Someone asked me recently why I insist on calling some things incidents and others as problems. From this persons perspective it was hard to see the difference. The bigger question he didn't ask was why it was so important to create the separation. So today I am going to try to explain the difference and why I think it's important to you on your path to becoming a DevOps Master.
An incident as defined by ITIL is as follows: "An unplanned interruption to an IT Service or a reduction in the Quality of an IT Service. Failure of a Configuration Item that has not yet impacted Service is also an Incident. For example Failure of one disk from a mirror set." A configuration item is just about anything in ITIL Terms. Everything from a NIC or Hard Drive to a Web Service can be declared a Configuration Item. It's just something to tie incidents and problems to.
A problem as defined by ITIL is as follows: "A cause of one or more Incidents. The cause is not usually known at the time a Problem Record is created, and the Problem Management Process is responsible for further investigation."
Here are some other quick hit differences:
Problems should be traced down to a root-cause level where as incidents should be resolved as quickly as possible to restore the service to operation.
Incidents like a known issue with a Java application memory leak need become a Problem when they repeatedly occur.
Incidents can generally be resolved by the person doing the work.
Problems must be closed by a manager assigned in the problem management process.
So why does it matter to a DevOps Master?
DevOps masters avoid solving incidents with scripts when possible. Their time is better spent solving problems. Even better working to prevent incidents with repeatable and audit-able processes.
A large percentage of incidents are caused by human error. Whether that is tripping over a power cable, missing a step in a documented procedure, or doing something manually that should have been done with automation. You can't prevent people from making mistakes you can only help them to avoid them. Spending time investigating why someone caused an incident because they skipped a procedural step is wasteful. Instead a DevOps Master should be writing a script to step through the complete process. Scripts aren't fool proof but they are consistent and repeatable.
Problem Management processes almost always require Root Cause Analysis(RCA). Root Cause Analysis done properly requires data. The more complex the system and problem the more data you must collect. When the first occurrence of an incident happens you generally aren't expecting it so may not have the right monitors in place or need to adjust them. RCA beyond obvious things like tripping over a cable or changing a system level password during a maintenance window may take weeks to complete. Assuming you do an RCA for a problem you should create a mitigation plan and strategy to permanently correct the problem.

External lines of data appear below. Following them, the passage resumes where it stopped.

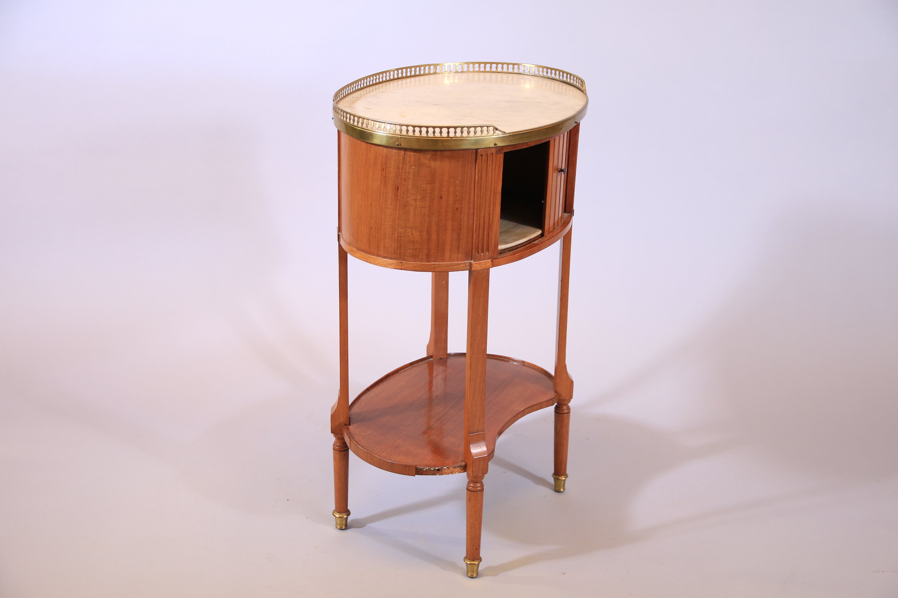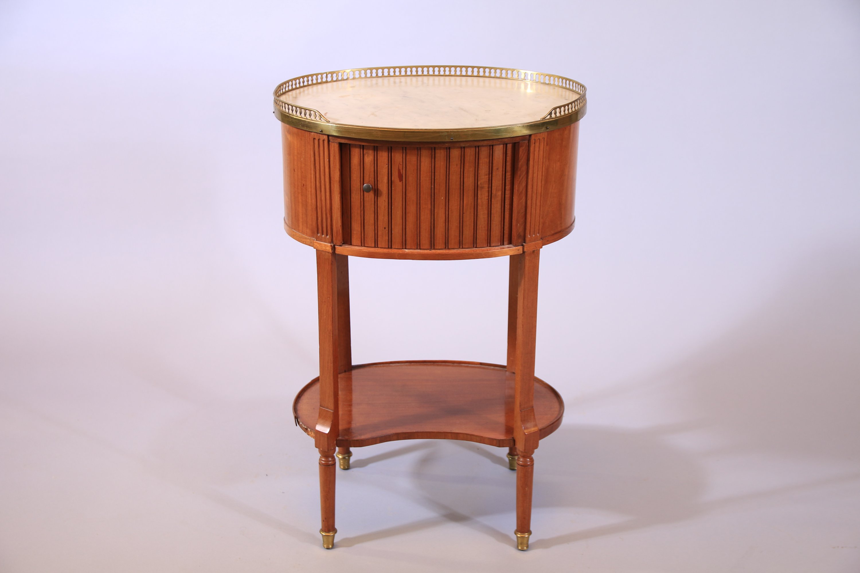 en acajou et placage d'acajou, surmontée d'un plateau de marbre blanc cerclé d'une galerie de laiton ajouré, elle ouvre par un rideau en façade dévoilant un second plateau de marbre blanc. Elle repose sur quatre pieds droits terminés en gaine et sabotés de laiton, réunis par une tablette d'entretoise.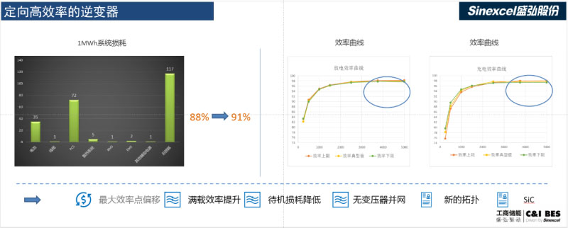第一、儲(chǔ)能逆變器PCS,PCS的未來發(fā)展我們起個(gè)名字叫“定向高效率的儲(chǔ)能逆變器”,什么叫定向高效率呢?是比照之前我們做光伏逆變器或者做變頻做的事情,以前的光伏逆變器我們宣稱的效率基本上是最大的效率,無論是99%也好,還是UPS的96%也好。而到了儲(chǔ)能以后更多的是能量效率,峰值效率意義不大了。下方左圖可以看出來,1兆瓦的儲(chǔ)能系統(tǒng),逆變器損耗的占比是很大的,未來的儲(chǔ)能逆變器朝著定向高效率,滿載效率一定要高,以后PCS可能就是滿載效率,二是空載損耗降到足夠低,才能使系統(tǒng)運(yùn)行綜合的能量效率最高。采用的技術(shù),未來會(huì)采取新的電路拓?fù)浜托碌钠骷蓟?,也在探討一些用戶?cè)的儲(chǔ)能項(xiàng)目上把變壓器去掉,綜合提升一個(gè)定向的效率,這是未來PCS的一個(gè)發(fā)展方向。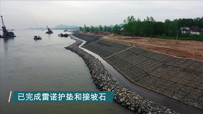 长江马鞍山河段二期整治工程是国家172项节水供水重大水利工程项目之一,我公司承建的四标段项目主要工程量包括土方开挖7.5万立方,混凝土6600立方,散抛块石22.5万立方,赛克格宾1.7万立方,雷诺护垫4.4万平方,铰链排7.2万平方,放养鱼苗1080万尾。工程计划于202091日开工,历经两个枯水期,至20211130日完工。前期因受征地及区域内船舶迁移影响,至12月中旬陆续进入施工后,项目部加大资金、人员、机械设备投入,紧抓关键线路,编制了详细、周密的生产计划,层层分解落实节点目标责任,全力推进工程进展。工程于202172日全部完工,722日通过工程完工验收。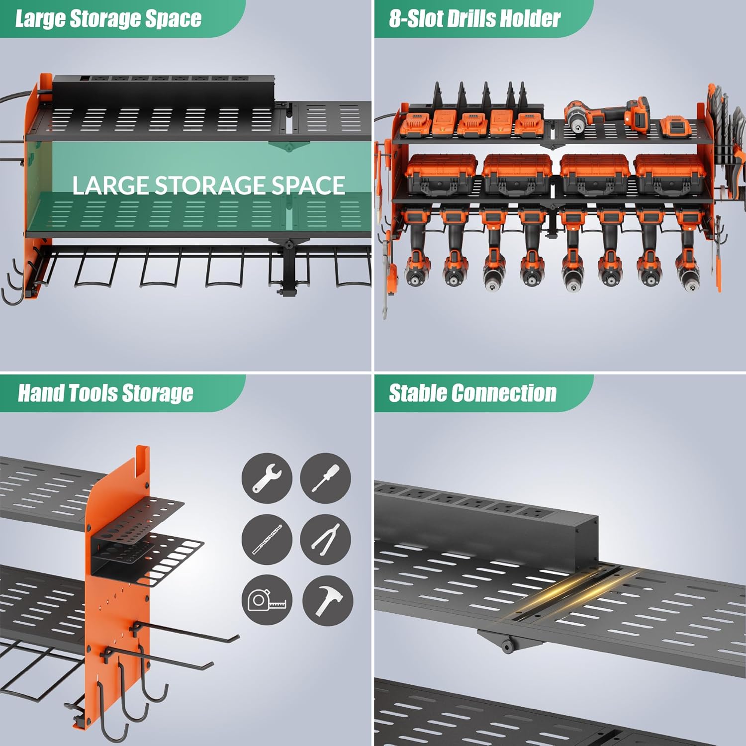 - Store Over 50 Tools: Our power tool rack efficiently organizes your charging stations, batteries, toolboxes, drill bits, hammers, and other garage tools. You can make the most of wasted wall space and save time searching for tools. This power tool storage rack is perfect for garages, homes, workshops, sheds, backyard shops, and more. The heavy-duty floating tool rack makes a perfect gift for fathers or husbands, helping them better manage and utilize their various tools.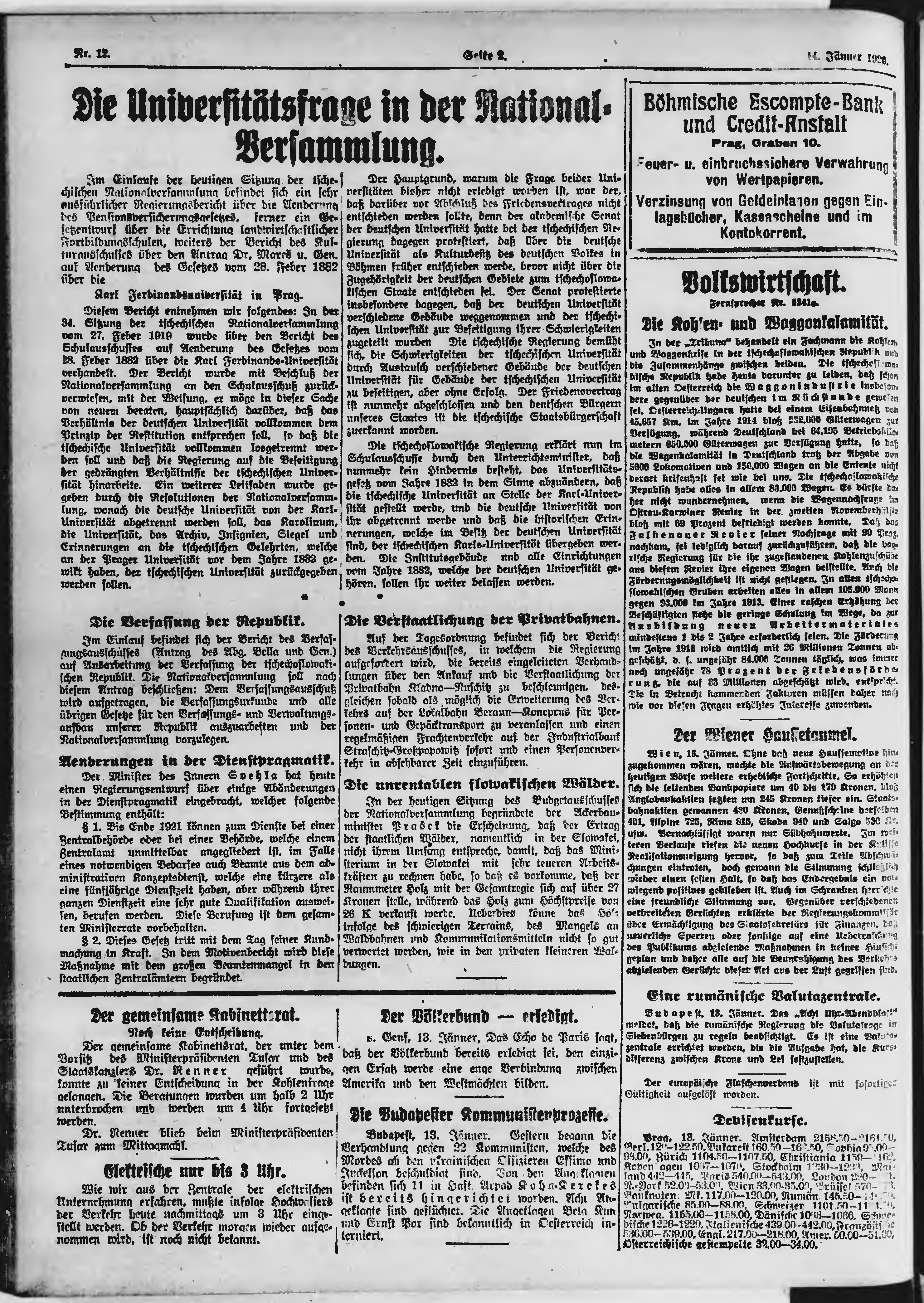 * Datum vydání výtisku: 14.1.1920 Číslo výtisku: 12 Poznámky k výtisku: večerní vydání;

Your goal as a DevOps Master should always be to prevent incidents from affecting the environment. Whether that is deploying more servers, adding more proactive monitoring or making sure all the cables are safely under the floor where no one can trip over them. You will accept that incidents will happen. You will plan for and test your reactions to what you can think of in advance. You won't waste time trying to figure out what the new kid John was thinking when he pulled the cable from the your telecommunications provider out of the Firewall. It's just one occurrence and not worth investigating.